Thanks! I don't have access to docker, but by changing to python 3.6 I managed to avoid nan gradients. With fp16 my loss scale still gets very high, but nothing crashes. Do you recall the BLEU/valid loss scores for various checkpoint_best.pt models without ensembling?

So far I haven't gotten ADMIN init to outperform pre-ln, but I still might have an environment issue. Do these training statistics/runtimes look reasonable?

image

Training Curves: image

LiyuanLucasLiu commented 3 years ago

Glad you fix the nan gradient issue! (what is your previous python version, wondering whether you would suggest me to add the python version requirements to the readme).

Based on my understanding on fp16, a larger scale is better than a smaller scale (as overflow can be detected, but not underflow); but too large scale may also cause some problems...

As to the performance, it is weird... I haven't encountered this problem, the Pre-LN should be an easy baseline to beat (it is more stable, at the cost of performance).

As a reference, I just uploaded my log to link (the log for 12l is interruptted several times to switch to faster/idle GPUs. small lab, has to do this manually).

I can't find checkpoint_best.pt, but I find checkpoints@91-100 of Admin-6l.

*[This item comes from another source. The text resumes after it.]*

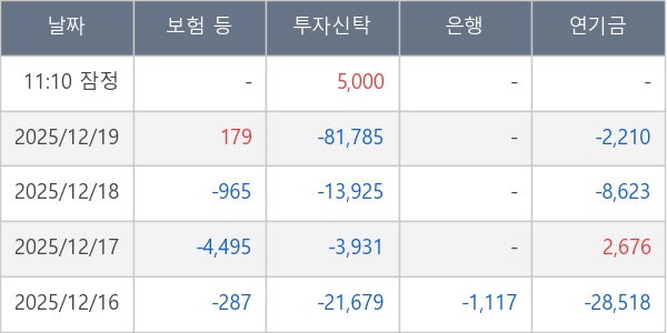 [표] 주요 기관별 순매매량 (단위 주)
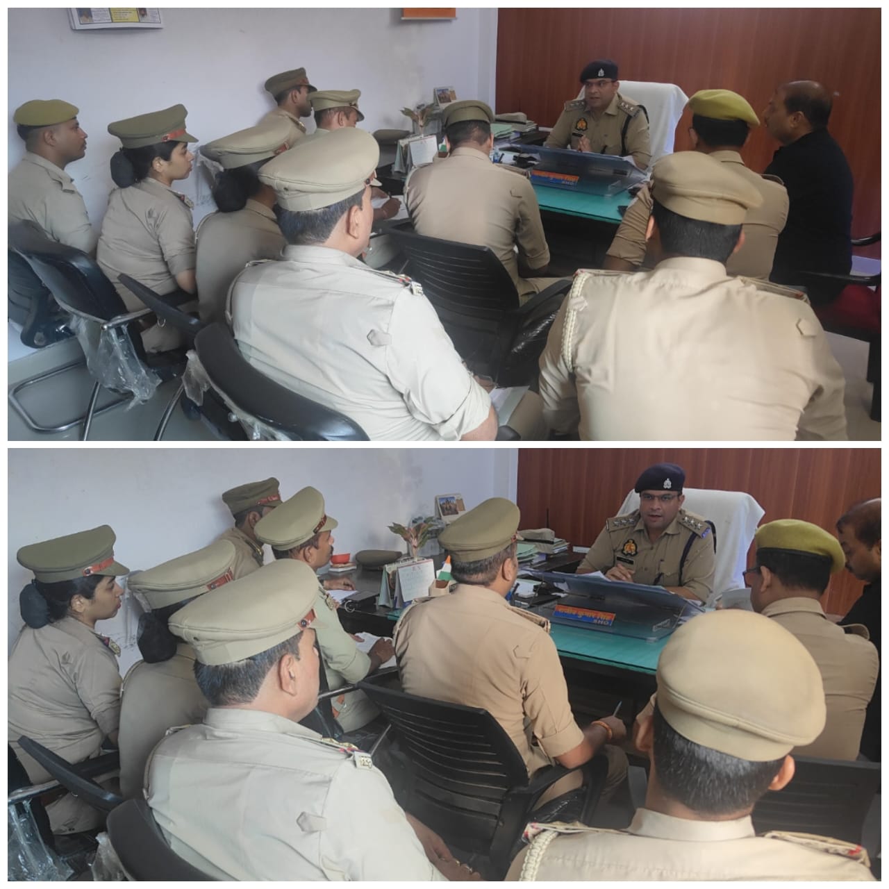 थाना लालपुर पांडेयपुर पर ब्रीफिंग के दौरान थाना प्रभारी राजीव कुमार सिंह के साथ ही समस्त चौकी प्रभारी व पुलिसकर्मी रहे उपस्थित

Their BLEU scores are as below:

checkpoint BLEU
91 27.79
92 27.72
93 27.85
94 27.82
95 27.90
96 27.59
97 27.63
98 27.67
99 27.77
100 27.77
avg@91-100 28.08
sshleifer commented 3 years ago

I would add python 3.6, torch 1.5 or torch 1.6 to the README. I think with those versions and some guidance that training takes a really long time it will make sense. The logs were really helpful, I think I am getting similar results now.

LiyuanLucasLiu commented 3 years ago

Thanks for the suggestion, and I've edited the readme accordingly.